» EXERCISE REQUIREMENTS:
What you produce should be an exact transcription of the data, minus any pictures.

Start of PROVIDED DATA

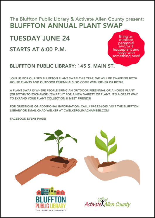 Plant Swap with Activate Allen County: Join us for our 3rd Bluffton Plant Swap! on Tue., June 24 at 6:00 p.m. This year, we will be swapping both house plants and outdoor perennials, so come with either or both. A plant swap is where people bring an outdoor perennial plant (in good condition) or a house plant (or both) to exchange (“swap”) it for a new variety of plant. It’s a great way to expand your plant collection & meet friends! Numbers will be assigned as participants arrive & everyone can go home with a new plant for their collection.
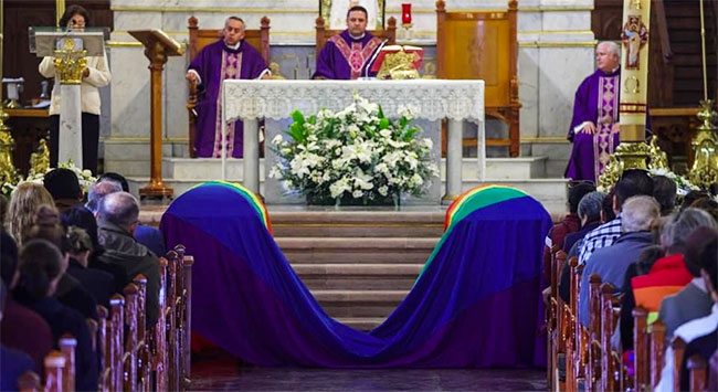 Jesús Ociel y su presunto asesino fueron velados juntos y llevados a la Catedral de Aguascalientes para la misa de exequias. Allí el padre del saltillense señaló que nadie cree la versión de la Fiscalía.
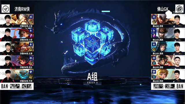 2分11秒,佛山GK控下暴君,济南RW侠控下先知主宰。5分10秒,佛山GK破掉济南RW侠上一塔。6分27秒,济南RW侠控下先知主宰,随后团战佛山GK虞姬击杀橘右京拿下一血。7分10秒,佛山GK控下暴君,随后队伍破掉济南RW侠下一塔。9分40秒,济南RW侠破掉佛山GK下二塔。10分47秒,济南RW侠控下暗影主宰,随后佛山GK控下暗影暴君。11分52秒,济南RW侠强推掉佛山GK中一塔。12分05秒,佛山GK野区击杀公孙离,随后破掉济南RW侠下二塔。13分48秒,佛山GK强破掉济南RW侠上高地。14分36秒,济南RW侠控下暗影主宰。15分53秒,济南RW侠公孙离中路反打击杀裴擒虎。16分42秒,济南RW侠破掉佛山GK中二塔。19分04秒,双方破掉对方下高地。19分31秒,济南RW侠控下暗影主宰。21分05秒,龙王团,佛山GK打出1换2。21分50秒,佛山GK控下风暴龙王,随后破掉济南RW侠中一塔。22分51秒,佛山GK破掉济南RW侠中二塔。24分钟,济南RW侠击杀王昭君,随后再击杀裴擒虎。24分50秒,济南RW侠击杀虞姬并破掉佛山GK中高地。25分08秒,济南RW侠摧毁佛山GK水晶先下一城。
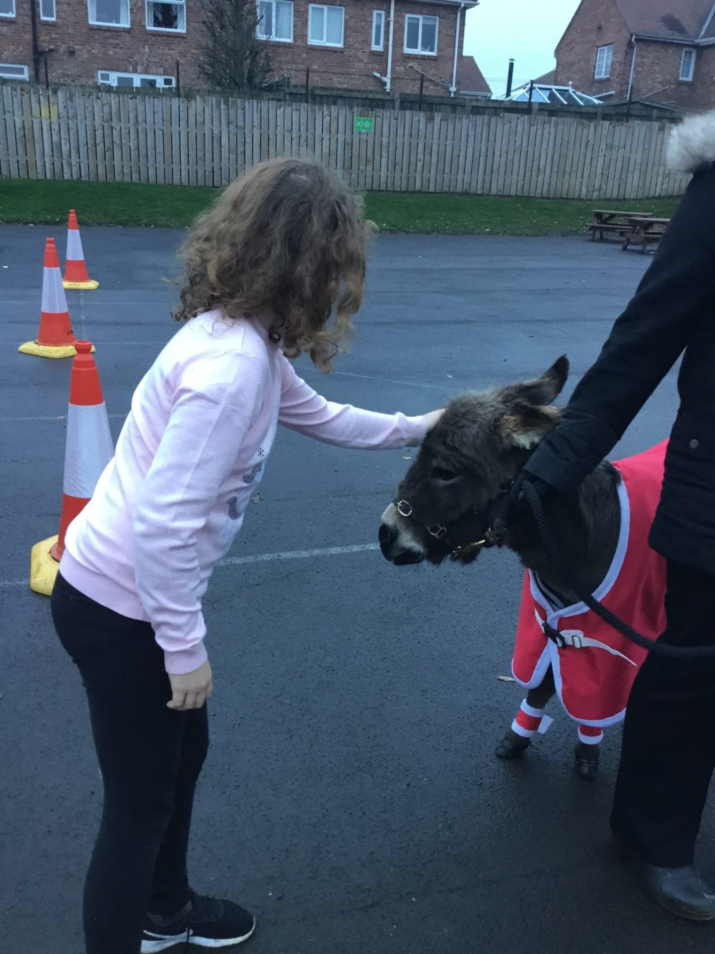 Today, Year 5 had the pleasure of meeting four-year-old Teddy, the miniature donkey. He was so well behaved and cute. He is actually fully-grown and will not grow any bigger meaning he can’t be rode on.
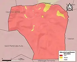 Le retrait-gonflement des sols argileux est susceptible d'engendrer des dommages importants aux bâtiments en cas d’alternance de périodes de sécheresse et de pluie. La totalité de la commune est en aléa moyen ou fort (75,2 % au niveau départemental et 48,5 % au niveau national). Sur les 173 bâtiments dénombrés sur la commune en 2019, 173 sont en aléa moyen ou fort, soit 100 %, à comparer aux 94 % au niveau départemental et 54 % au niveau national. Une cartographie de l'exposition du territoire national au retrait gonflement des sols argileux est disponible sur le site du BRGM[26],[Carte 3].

End of PROVIDED DATA

» ANSWER BOX:
 Plant Swap with Activate Allen County: Join us for our 3rd Bluffton Plant Swap! on Tue., June 24 at 6:00 p.m. This year, we will be swapping both house plants and outdoor perennials, so come with either or both. A plant swap is where people bring an outdoor perennial plant (in good condition) or a house plant (or both) to exchange (“swap”) it for a new variety of plant. It’s a great way to expand your plant collection & meet friends! Numbers will be assigned as participants arrive & everyone can go home with a new plant for their collection.
 Jesús Ociel y su presunto asesino fueron velados juntos y llevados a la Catedral de Aguascalientes para la misa de exequias. Allí el padre del saltillense señaló que nadie cree la versión de la Fiscalía.
 2分11秒,佛山GK控下暴君,济南RW侠控下先知主宰。5分10秒,佛山GK破掉济南RW侠上一塔。6分27秒,济南RW侠控下先知主宰,随后团战佛山GK虞姬击杀橘右京拿下一血。7分10秒,佛山GK控下暴君,随后队伍破掉济南RW侠下一塔。9分40秒,济南RW侠破掉佛山GK下二塔。10分47秒,济南RW侠控下暗影主宰,随后佛山GK控下暗影暴君。11分52秒,济南RW侠强推掉佛山GK中一塔。12分05秒,佛山GK野区击杀公孙离,随后破掉济南RW侠下二塔。13分48秒,佛山GK强破掉济南RW侠上高地。14分36秒,济南RW侠控下暗影主宰。15分53秒,济南RW侠公孙离中路反打击杀裴擒虎。16分42秒,济南RW侠破掉佛山GK中二塔。19分04秒,双方破掉对方下高地。19分31秒,济南RW侠控下暗影主宰。21分05秒,龙王团,佛山GK打出1换2。21分50秒,佛山GK控下风暴龙王,随后破掉济南RW侠中一塔。22分51秒,佛山GK破掉济南RW侠中二塔。24分钟,济南RW侠击杀王昭君,随后再击杀裴擒虎。24分50秒,济南RW侠击杀虞姬并破掉佛山GK中高地。25分08秒,济南RW侠摧毁佛山GK水晶先下一城。
 Today, Year 5 had the pleasure of meeting four-year-old Teddy, the miniature donkey. He was so well behaved and cute. He is actually fully-grown and will not grow any bigger meaning he can’t be rode on.
 Le retrait-gonflement des sols argileux est susceptible d'engendrer des dommages importants aux bâtiments en cas d’alternance de périodes de sécheresse et de pluie. La totalité de la commune est en aléa moyen ou fort (75,2 % au niveau départemental et 48,5 % au niveau national). Sur les 173 bâtiments dénombrés sur la commune en 2019, 173 sont en aléa moyen ou fort, soit 100 %, à comparer aux 94 % au niveau départemental et 54 % au niveau national. Une cartographie de l'exposition du territoire national au retrait gonflement des sols argileux est disponible sur le site du BRGM[26],[Carte 3].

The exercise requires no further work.